Não foi apenas a chuva, que em protesto caiu copiosamente, que me fez desistir, foi um certo agravamento de humilhação que ela trouxe consigo. É que uma coisa é receber olhares de alto e «não obrigado, os meus filhos vão para a Colónia XPTO», com o sol a brilhar; outra é recebê-los de guarda-chuva na mão debaixo de um quase dilúvio.
E assim, a minha ideia de que há gente a quem faria, talvez, algum bem, cair do pedestal, saiu reforçada.
Mais tarde, junto à hora de almoço, uma simpática professora incentivou-me a ir falar com a directora do dito colégio. «Diga que vai da minha parte». E fui.
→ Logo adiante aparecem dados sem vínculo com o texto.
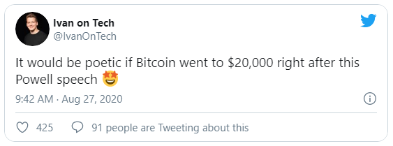 La respuesta de la Fed a esto no estaba clara en ese momento, la incertidumbre de la política de la Reserva Federal redujo los activos en todos los ámbitos, incluido Bitcoin. Algunos en cripto se han vuelto optimistas con Bitcoin como resultado del discurso del presidente Powell.

E disse. Bem recomendada, claro que fui recebida mas a resposta foi não. Não. Apesar de fecharem em Agosto; apesar de não terem Colónia de Férias, cumprem escrupulosamente um princípio ancestral: Não divulgar internamente nada que não seja da sua própria lavra. «Bem vê», dizia-me a honorável directora, simpática sem dúvida, «não podemos abrir nenhuma excepção porque se o fizéssemos a si, teríamos de o fazer a toda a gente que nos bate à porta.» Compreendo. Compreendo que quando a escolha é entre o sim e o não, é porque o critério anda pelas ruas da amargura; e compreendo que um estabelecimento que está garantido; que existe há anos com um prestigio inabalável e que, mesmo nos tempos que correm, não corre riscos nenhuns, quando se recusa a divulgar internamente seja o que for que parta de terceiros, sem sequer tentar averiguar da validade, seriedade e competência desses terceiros, na verdade o que está a fazer é a fechar portas, a negar ajudas, a ser sovina, elitista e tudo aquilo que é contrário à política que a família que o gere apregoa e que o nome que tem defende. Ser moderno é ser aberto. Ser socialista é ser do povo, é apoiar os mais fracos, é dar força a quem precisa. Ou deveria ser...
Portanto, e mais uma vez, estamos por nossa conta e risco neste mundo do salve-se quem puder.
E como derrubar não é vencer, amanhã estarei, provavelmente, a pregar numa outra freguesia.